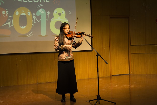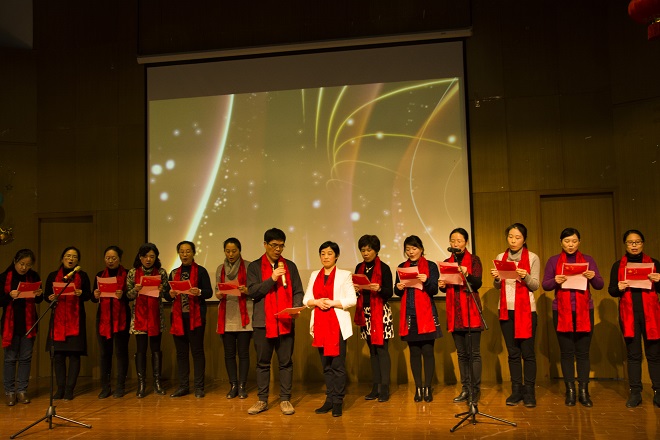 经过一个月的筹备,老师们利用业余时间,充分发挥各自的聪明才智,以组织课堂教学的认真态度,通过网络等多渠道的学习,利用学校人文专业的资源,研究了服装、道具、配乐等舞台效果。节目的上演便如同考试,也被视作“我们自己的春晚”,大家都分外投入。节目形式多样,舞蹈、朗诵、合唱,有西洋乐器演秦,也有传统快板的敲击。参与演员,有外籍老师,有师生同台,有即将退休的年长同志,也有刚入职首次亮相的青涩新人,有头发稀少的教授,也有身姿优美的丽人。每个人既有演出,也当观众,学院中层干部纷纷登台,台上台下热情互动,情谊交融,活动圆满成功。
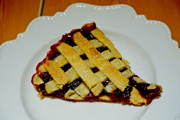 這道水果派有著金黃微褐烤至酥香的交叉條狀餅皮,內餡是豔麗的深紅色,
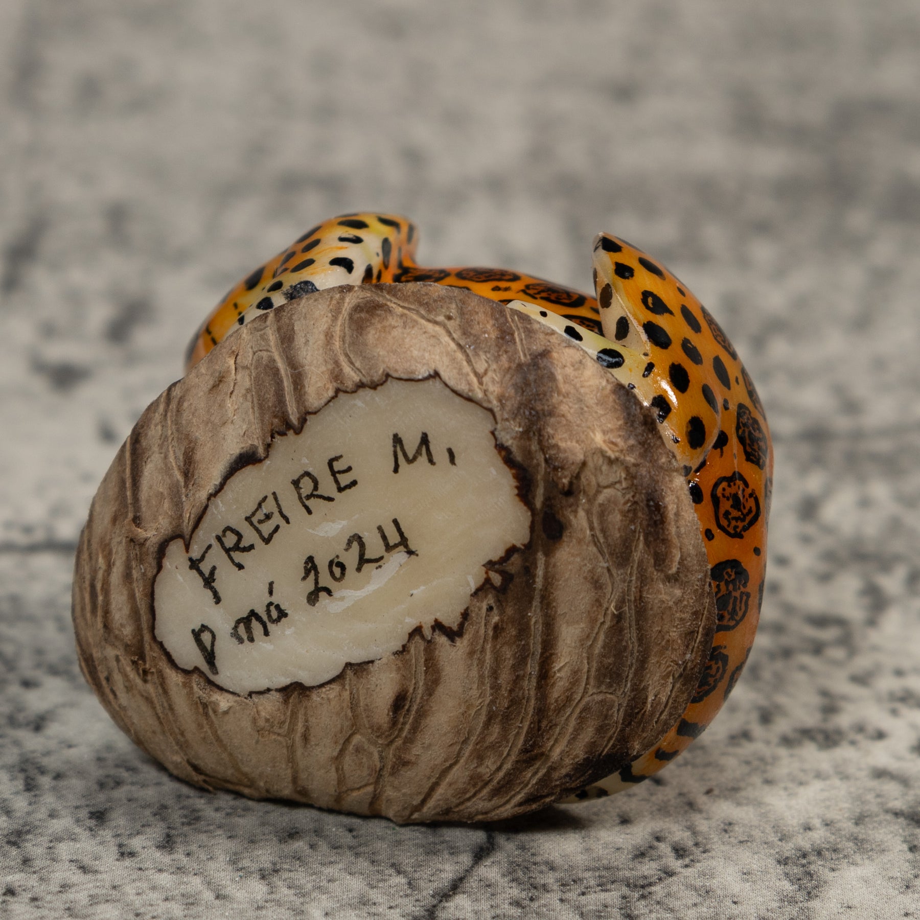 • Hand carved tagua nut “vegetable ivory” from the rainforest
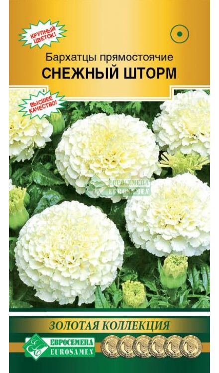 Бархатцы — любимые всеми цветы, которые дарят людям свою красоту и поднимают настроение яркими красками на протяжении всего лета. К тому же они неприхотливы. Родина их — американский континент. Бархатцами цветы назвали за нежные бархатистые лепестки. Другое название цветка Тагетес дано в честь бога Тагеса, который прославился своей красотой и провидческими способностями. Снежный Шторм- триумф в селекции прямостоячих бархатцев с изумительной окраской. Махровые соцветия бело-кремового цвета с более темной серединкой, с закрученными краями лепестков, неизменно привлекут к себе всеобщее внимание. Кусты компактные, сильные, растут и развиваются быстро. Соцветия в изобилии распускаются весь сезон, до первых осенних заморозков. Сорт неприхотливый, сохраняет декоративность под воздействием ветра и дождя. Превосходные растения для контейнеров, патио, клумб и рабаток, отличные помощники в заполнении промежутков между соседними растениями. Высота растения-30 см Диаметр цветка-8-10 см
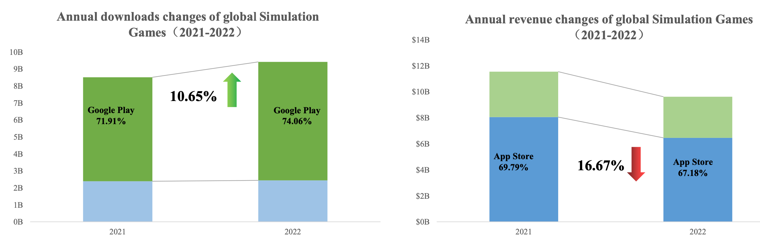 Simulation games - downloads grew by 10.65%, and revenue reduced by 16.67%.
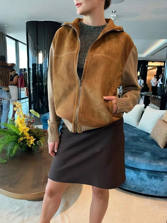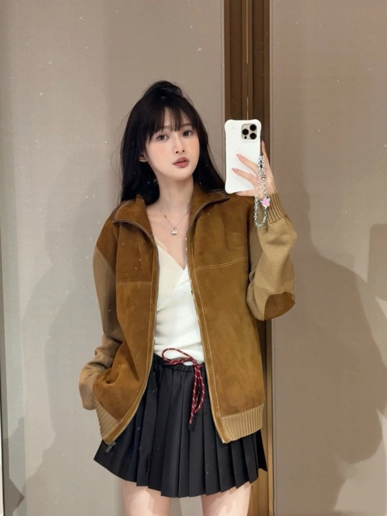 Home > Miu Miu new arrival: Knitted sleeve paneling, zip-up, stand-collar casual jacket-5370
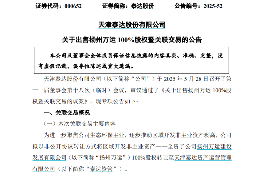 5月28日晚间,泰达股份发布公告称,为进一步聚焦公司生态环保主业,逐步推动区域开发非主业资产剥离,公司拟将所持扬州万运建设发展有限公司(以下简称扬州万运)100%股权以非公开协议转让方式转让至公司关联方天津泰达资产运营管理有限公司(以下简称泰达资管)。
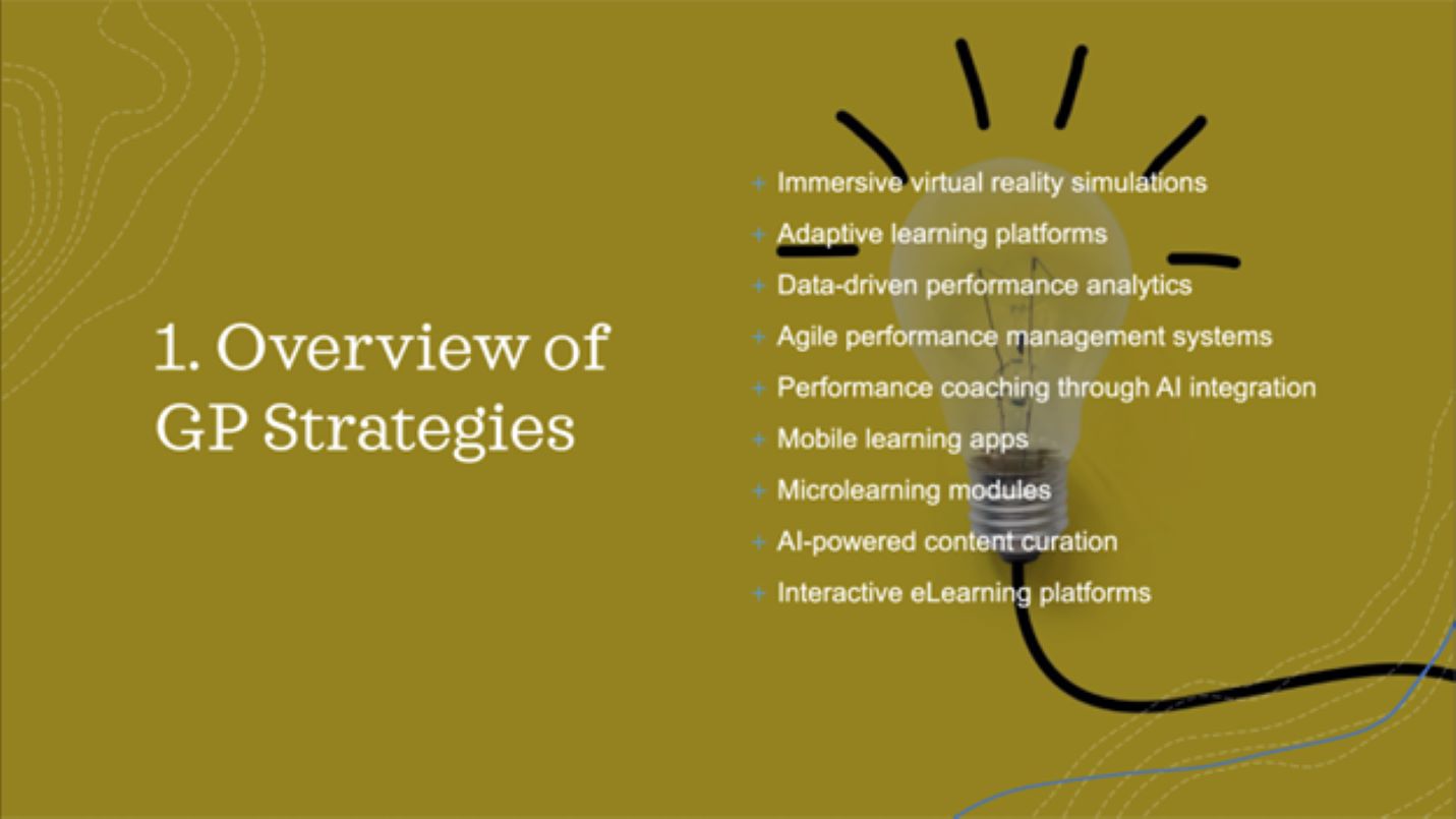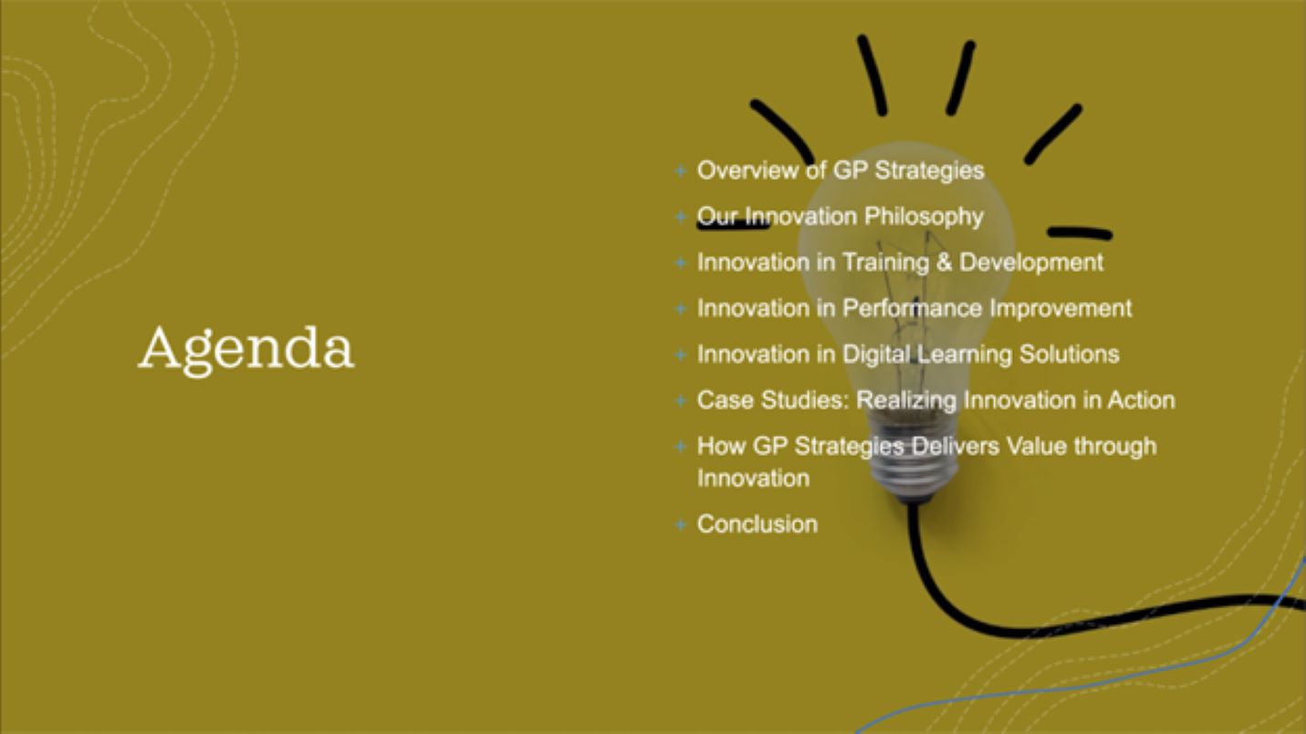 Intent: Educate audience on innovation at GP Strategies within the different divisions.

What the exercise asks =
Please restate each entry exactly, but drop any picture it holds.

Response area =
 经过一个月的筹备,老师们利用业余时间,充分发挥各自的聪明才智,以组织课堂教学的认真态度,通过网络等多渠道的学习,利用学校人文专业的资源,研究了服装、道具、配乐等舞台效果。节目的上演便如同考试,也被视作“我们自己的春晚”,大家都分外投入。节目形式多样,舞蹈、朗诵、合唱,有西洋乐器演秦,也有传统快板的敲击。参与演员,有外籍老师,有师生同台,有即将退休的年长同志,也有刚入职首次亮相的青涩新人,有头发稀少的教授,也有身姿优美的丽人。每个人既有演出,也当观众,学院中层干部纷纷登台,台上台下热情互动,情谊交融,活动圆满成功。
 這道水果派有著金黃微褐烤至酥香的交叉條狀餅皮,內餡是豔麗的深紅色,
 • Hand carved tagua nut “vegetable ivory” from the rainforest
 Бархатцы — любимые всеми цветы, которые дарят людям свою красоту и поднимают настроение яркими красками на протяжении всего лета. К тому же они неприхотливы. Родина их — американский континент. Бархатцами цветы назвали за нежные бархатистые лепестки. Другое название цветка Тагетес дано в честь бога Тагеса, который прославился своей красотой и провидческими способностями. Снежный Шторм- триумф в селекции прямостоячих бархатцев с изумительной окраской. Махровые соцветия бело-кремового цвета с более темной серединкой, с закрученными краями лепестков, неизменно привлекут к себе всеобщее внимание. Кусты компактные, сильные, растут и развиваются быстро. Соцветия в изобилии распускаются весь сезон, до первых осенних заморозков. Сорт неприхотливый, сохраняет декоративность под воздействием ветра и дождя. Превосходные растения для контейнеров, патио, клумб и рабаток, отличные помощники в заполнении промежутков между соседними растениями. Высота растения-30 см Диаметр цветка-8-10 см
 Simulation games - downloads grew by 10.65%, and revenue reduced by 16.67%.
 Home > Miu Miu new arrival: Knitted sleeve paneling, zip-up, stand-collar casual jacket-5370
 5月28日晚间,泰达股份发布公告称,为进一步聚焦公司生态环保主业,逐步推动区域开发非主业资产剥离,公司拟将所持扬州万运建设发展有限公司(以下简称扬州万运)100%股权以非公开协议转让方式转让至公司关联方天津泰达资产运营管理有限公司(以下简称泰达资管)。
 Intent: Educate audience on innovation at GP Strategies within the different divisions.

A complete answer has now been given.